Dataset extract:
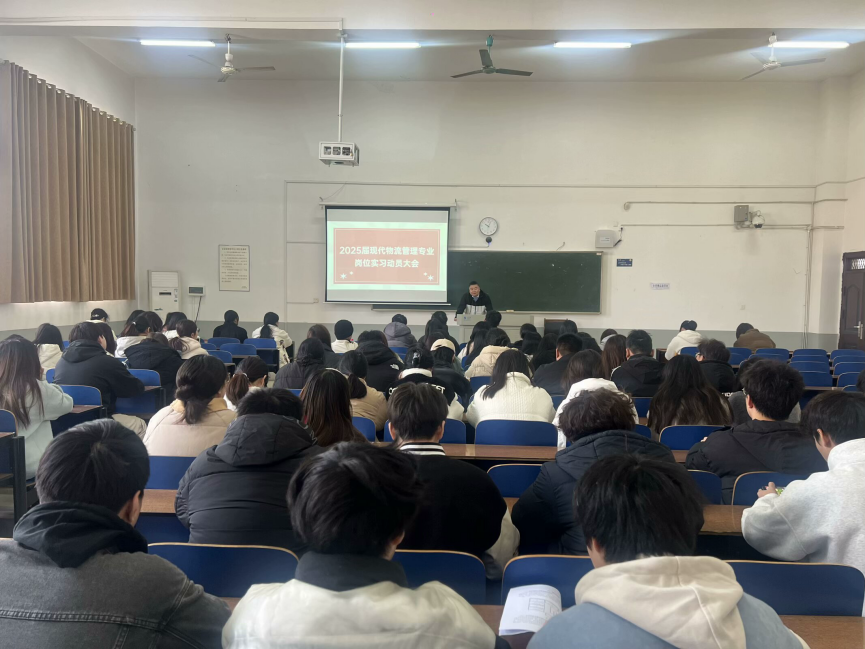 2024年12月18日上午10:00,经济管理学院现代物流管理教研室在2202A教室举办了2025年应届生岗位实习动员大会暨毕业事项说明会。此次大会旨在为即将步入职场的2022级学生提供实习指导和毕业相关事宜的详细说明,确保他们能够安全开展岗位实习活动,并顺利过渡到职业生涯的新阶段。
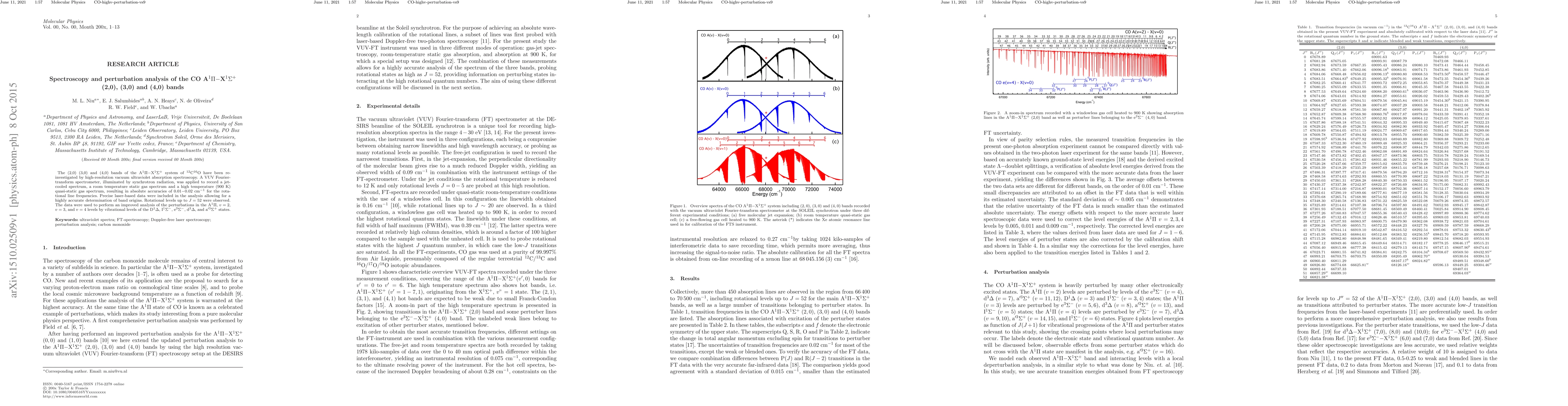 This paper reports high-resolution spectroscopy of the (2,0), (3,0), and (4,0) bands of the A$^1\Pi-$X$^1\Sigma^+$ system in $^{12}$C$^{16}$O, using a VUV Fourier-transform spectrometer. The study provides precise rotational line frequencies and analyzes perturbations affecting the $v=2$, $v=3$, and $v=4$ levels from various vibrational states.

...

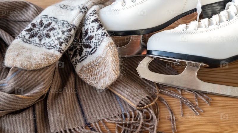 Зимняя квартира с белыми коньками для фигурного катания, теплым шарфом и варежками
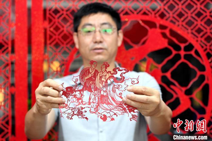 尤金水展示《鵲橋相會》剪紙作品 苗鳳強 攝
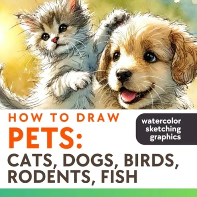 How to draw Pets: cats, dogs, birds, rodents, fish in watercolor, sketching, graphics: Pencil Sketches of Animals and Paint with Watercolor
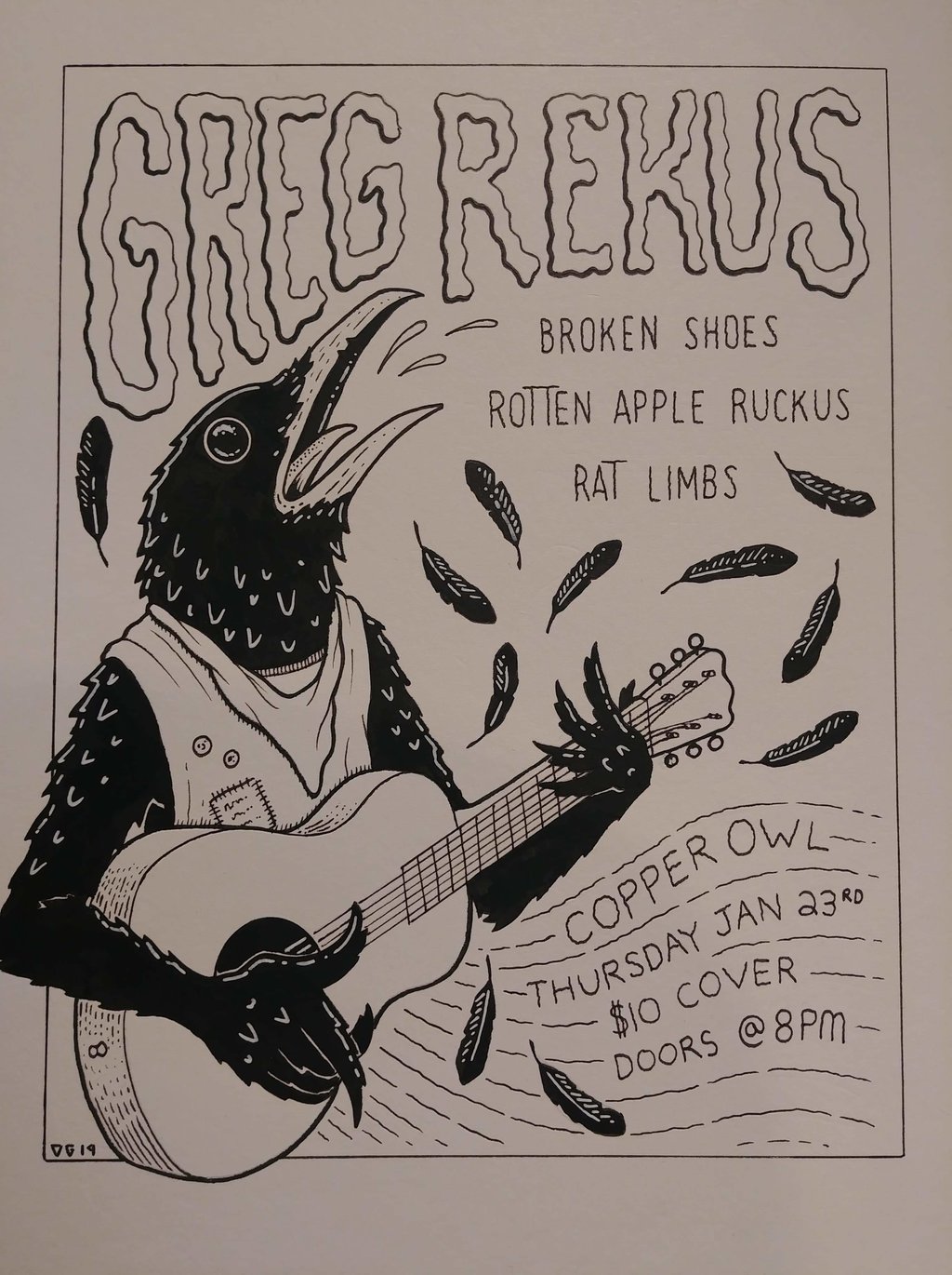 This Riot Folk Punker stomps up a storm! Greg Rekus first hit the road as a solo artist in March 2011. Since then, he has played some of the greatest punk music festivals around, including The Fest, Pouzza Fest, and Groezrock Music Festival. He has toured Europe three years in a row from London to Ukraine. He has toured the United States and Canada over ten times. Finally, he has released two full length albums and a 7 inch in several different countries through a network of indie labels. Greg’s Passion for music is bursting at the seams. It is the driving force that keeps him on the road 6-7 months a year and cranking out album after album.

...

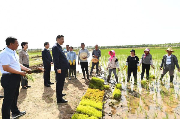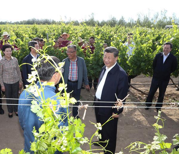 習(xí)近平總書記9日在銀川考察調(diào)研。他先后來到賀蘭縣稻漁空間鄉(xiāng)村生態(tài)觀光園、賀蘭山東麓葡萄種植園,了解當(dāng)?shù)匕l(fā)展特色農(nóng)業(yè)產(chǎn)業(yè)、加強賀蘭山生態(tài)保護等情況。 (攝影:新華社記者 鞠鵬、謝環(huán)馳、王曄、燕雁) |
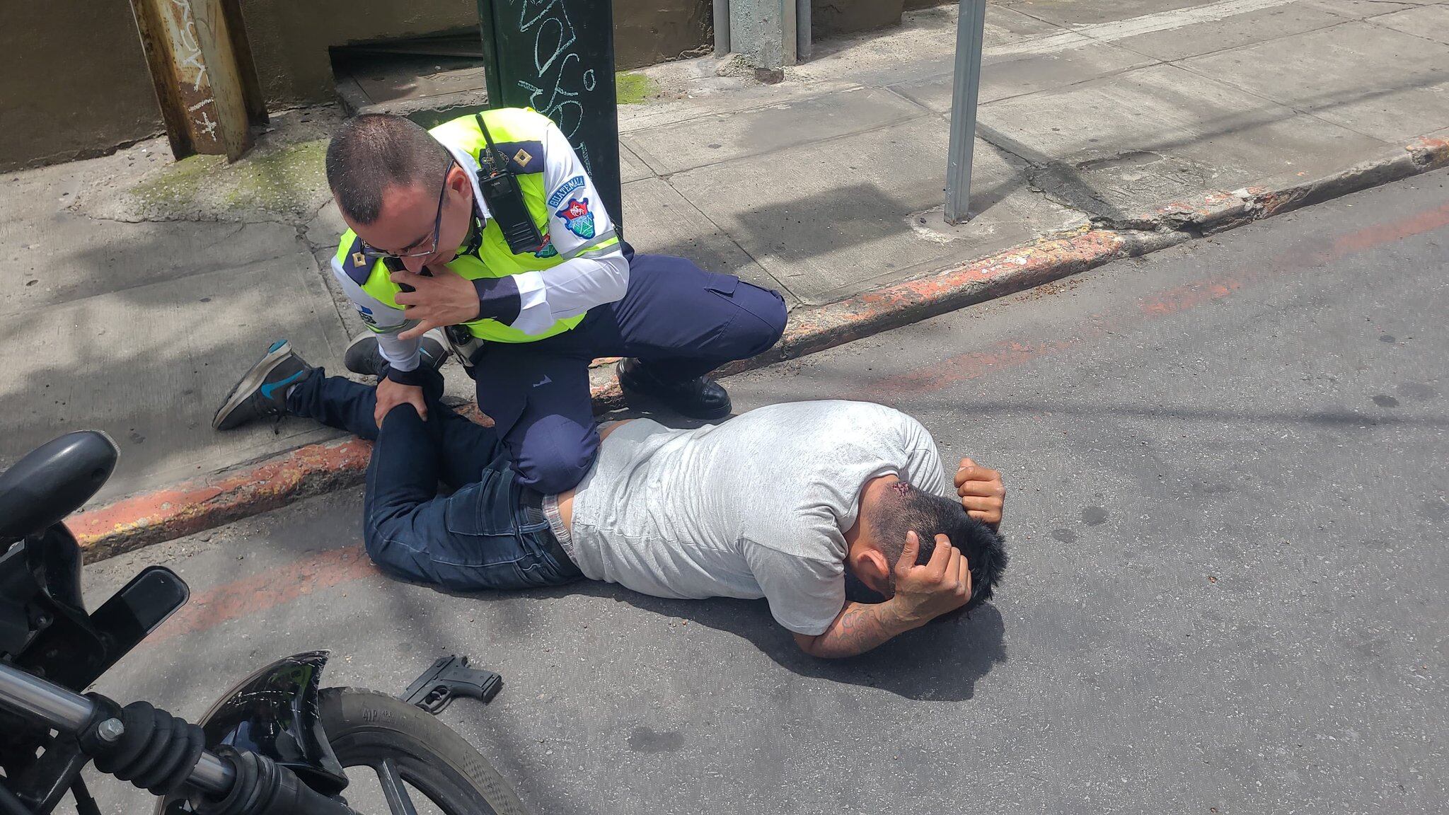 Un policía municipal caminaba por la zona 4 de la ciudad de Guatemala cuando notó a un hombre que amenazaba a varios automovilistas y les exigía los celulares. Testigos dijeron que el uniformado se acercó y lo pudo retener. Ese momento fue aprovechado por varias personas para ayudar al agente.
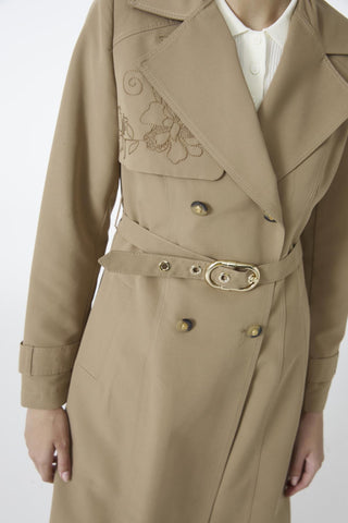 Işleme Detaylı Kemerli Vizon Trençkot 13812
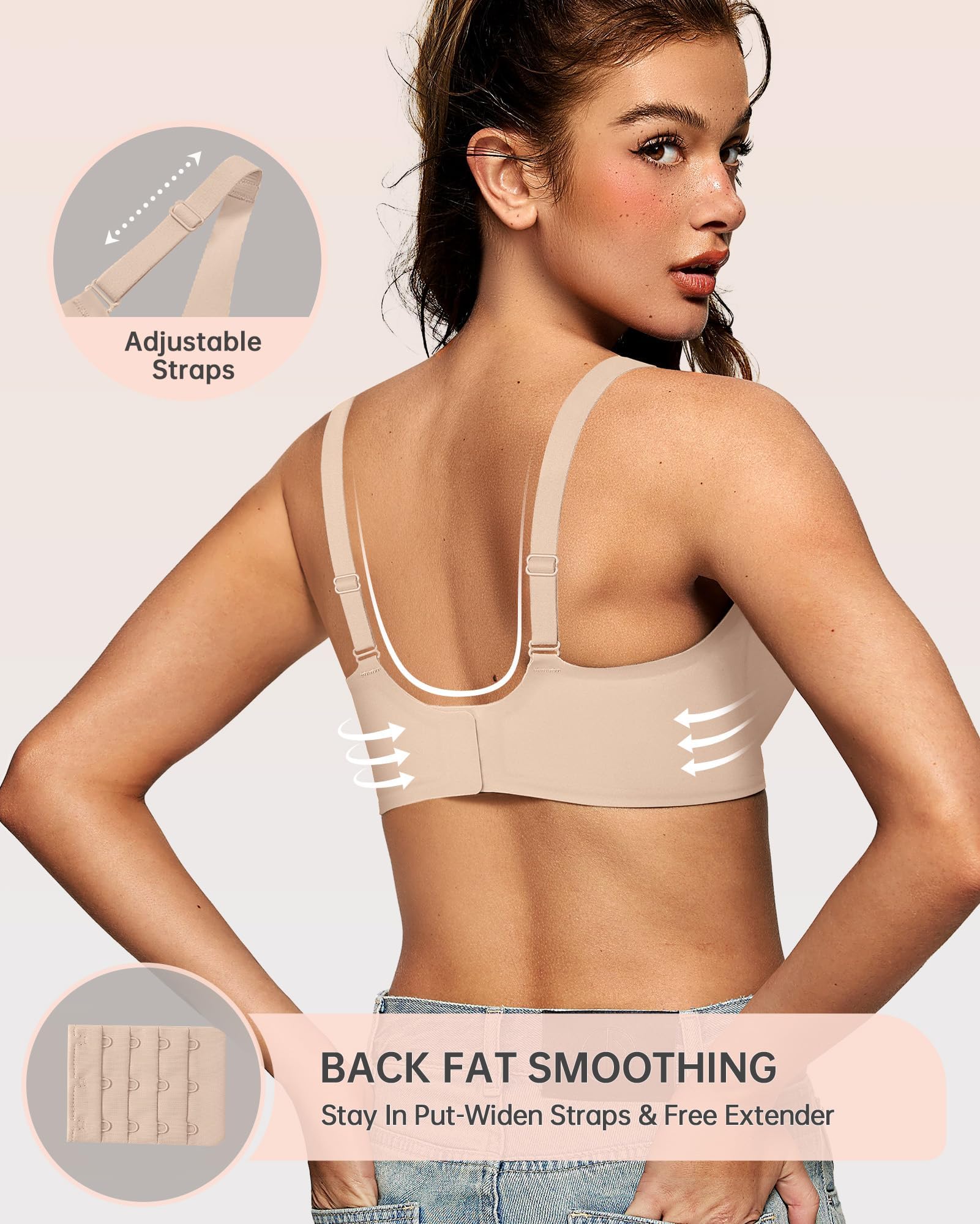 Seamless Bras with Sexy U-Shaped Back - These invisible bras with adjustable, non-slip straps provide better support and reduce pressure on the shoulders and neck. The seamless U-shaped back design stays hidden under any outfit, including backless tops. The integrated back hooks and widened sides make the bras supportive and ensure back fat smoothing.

Exercise instructions:
Start at the line containing "Işleme Detaylı Kemerli Vizon Trençkot 13812" above and stop at the line containing "Seamless Bras with". Output those lines exactly, both included, but none of the pictures.

The completed task:
 Işleme Detaylı Kemerli Vizon Trençkot 13812
 Seamless Bras with Sexy U-Shaped Back - These invisible bras with adjustable, non-slip straps provide better support and reduce pressure on the shoulders and neck. The seamless U-shaped back design stays hidden under any outfit, including backless tops. The integrated back hooks and widened sides make the bras supportive and ensure back fat smoothing.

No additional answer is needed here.